Word for word, set down the records and skip each picture.

--- START ---

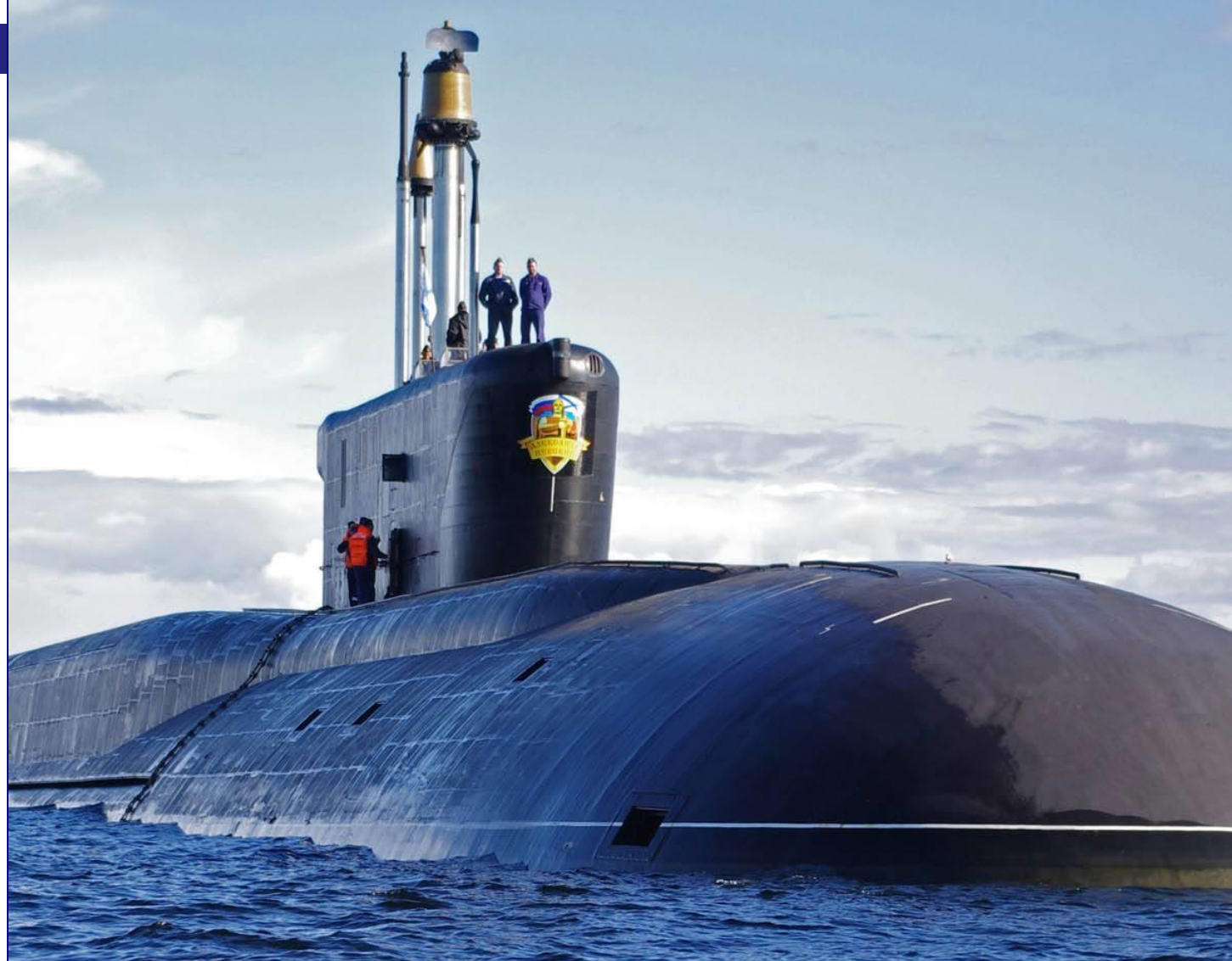
Атомная подводная лодка «Александр Невский»
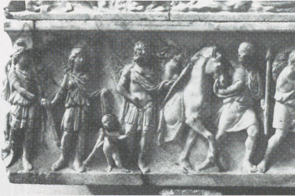
9 - Rome. Sarcophage découvert Via Cassia. Musée National Romain (d'après KOCH, SICHTERMANN, 1982).
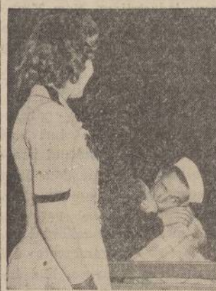
"Just one gal is enough for me," says an old song, but this sailor seems to be of a different turn of mind. While his arms are quite full, his wink speaks volumes.

Raudonojo Kryžiaus "Inquiry Service", per kurį žinios perduotos nuo asmenų Europoje ir kitose šalyse jų draugams Amerikoje, priėmė 16,000 įvairių komunikacijų per
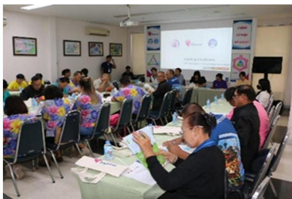
รูปที่ 2-6 (ต่อ) การประชาสัมพันธ์ข้อมูลโครงการ
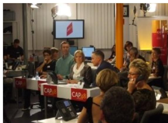
Au centre de promesses de dons CAP 48
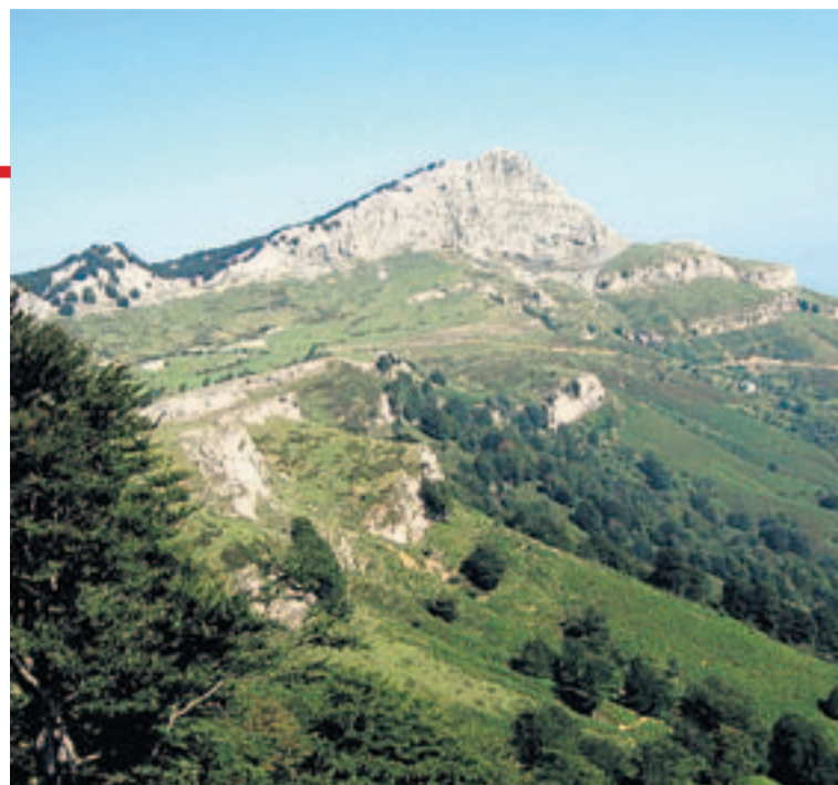
Vista que se puede apreciar desde las estribaciones del Gorbea.
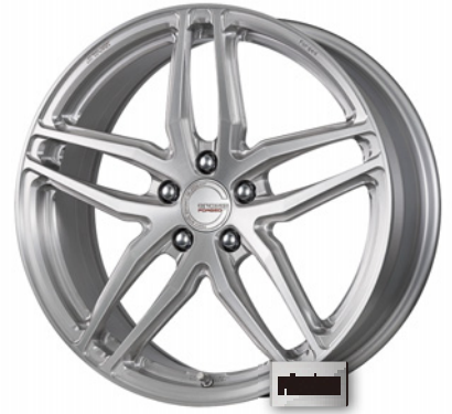
ブラッシュド・BRU 19 (ミドルコンケイブ)
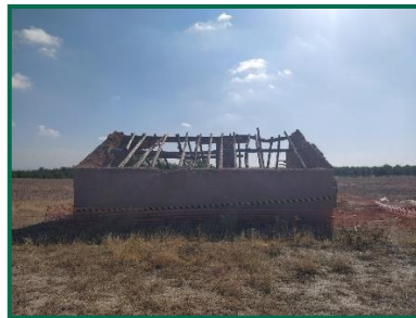
Fotografía 15. Caseta 2
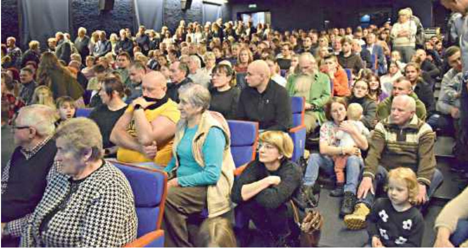
Cała sala była wypełniona, część publiczności siedziała na podłodze

Dla widzów zabrakło miejsc, mimo dostawionych krzeseł. Wiele osób wybrało siedzenie na podłodze, ale i tak wszyscy doskonale się bawili. Jak zawsze na koncercie lubartowskiej orkiestry dętej.
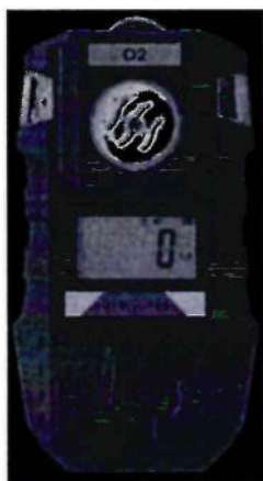
Рисунок 1 – Общий вид газоанализатора ПГ ЭРИС-411-1 и схема пломбировки от несанкционированного доступа
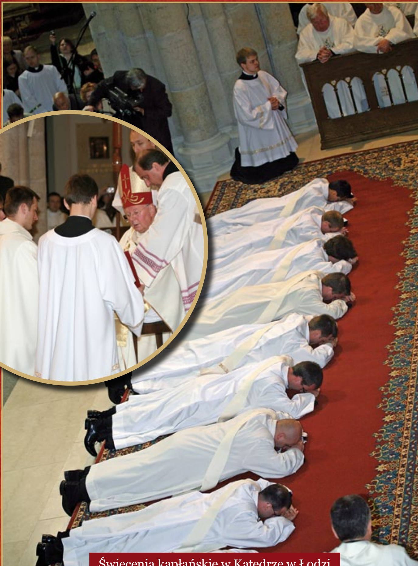
Święcenia kapłańskie w Katedrze w Łodzi
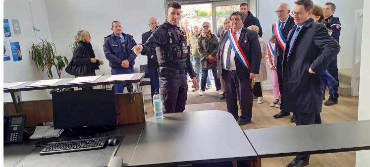
Les nouveaux locaux de la police municipale inaugurés
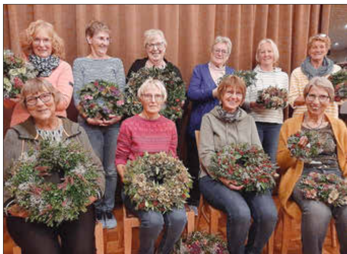
Die stolzen LandFrauen mit ihren Kränzen
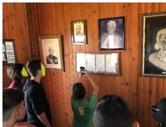
Figura 7 - Estudantes no Parque Histórico Colônia dos Dourados. (MATOS, 2019).

Para o encerramento de toda programação foi disponibilizada uma aula final já na escola para avaliação de todo trabalho, conhecimentos adquiridos, novas experiências ofertadas e socialização com os colegas, que por algum motivo não puderam ir. A avaliação foi extremamente positiva, especialmente quando se volta os olhares para a História como uma disciplina rígida e bruta, de acordo com Nikitiuk (2001, p.48), e que se distancia das demais Ciências Humanas justamente por esse conservadorismo que emerge da própria academia que têm seus cânones hegemônicos eurocentrados, e que na experiência houve a oportunidade de analisar holisticamente para nosso território.

--- END ---

**Result below:**
Атомная подводная лодка «Александр Невский»
9 - Rome. Sarcophage découvert Via Cassia. Musée National Romain (d'après KOCH, SICHTERMANN, 1982).
"Just one gal is enough for me," says an old song, but this sailor seems to be of a different turn of mind. While his arms are quite full, his wink speaks volumes.

Raudonojo Kryžiaus "Inquiry Service", per kurį žinios perduotos nuo asmenų Europoje ir kitose šalyse jų draugams Amerikoje, priėmė 16,000 įvairių komunikacijų per
รูปที่ 2-6 (ต่อ) การประชาสัมพันธ์ข้อมูลโครงการ
Au centre de promesses de dons CAP 48
Vista que se puede apreciar desde las estribaciones del Gorbea.
ブラッシュド・BRU 19 (ミドルコンケイブ)
Fotografía 15. Caseta 2
Cała sala była wypełniona, część publiczności siedziała na podłodze

Dla widzów zabrakło miejsc, mimo dostawionych krzeseł. Wiele osób wybrało siedzenie na podłodze, ale i tak wszyscy doskonale się bawili. Jak zawsze na koncercie lubartowskiej orkiestry dętej.
Рисунок 1 – Общий вид газоанализатора ПГ ЭРИС-411-1 и схема пломбировки от несанкционированного доступа
Święcenia kapłańskie w Katedrze w Łodzi
Les nouveaux locaux de la police municipale inaugurés
Die stolzen LandFrauen mit ihren Kränzen
Figura 7 - Estudantes no Parque Histórico Colônia dos Dourados. (MATOS, 2019).

Para o encerramento de toda programação foi disponibilizada uma aula final já na escola para avaliação de todo trabalho, conhecimentos adquiridos, novas experiências ofertadas e socialização com os colegas, que por algum motivo não puderam ir. A avaliação foi extremamente positiva, especialmente quando se volta os olhares para a História como uma disciplina rígida e bruta, de acordo com Nikitiuk (2001, p.48), e que se distancia das demais Ciências Humanas justamente por esse conservadorismo que emerge da própria academia que têm seus cânones hegemônicos eurocentrados, e que na experiência houve a oportunidade de analisar holisticamente para nosso território.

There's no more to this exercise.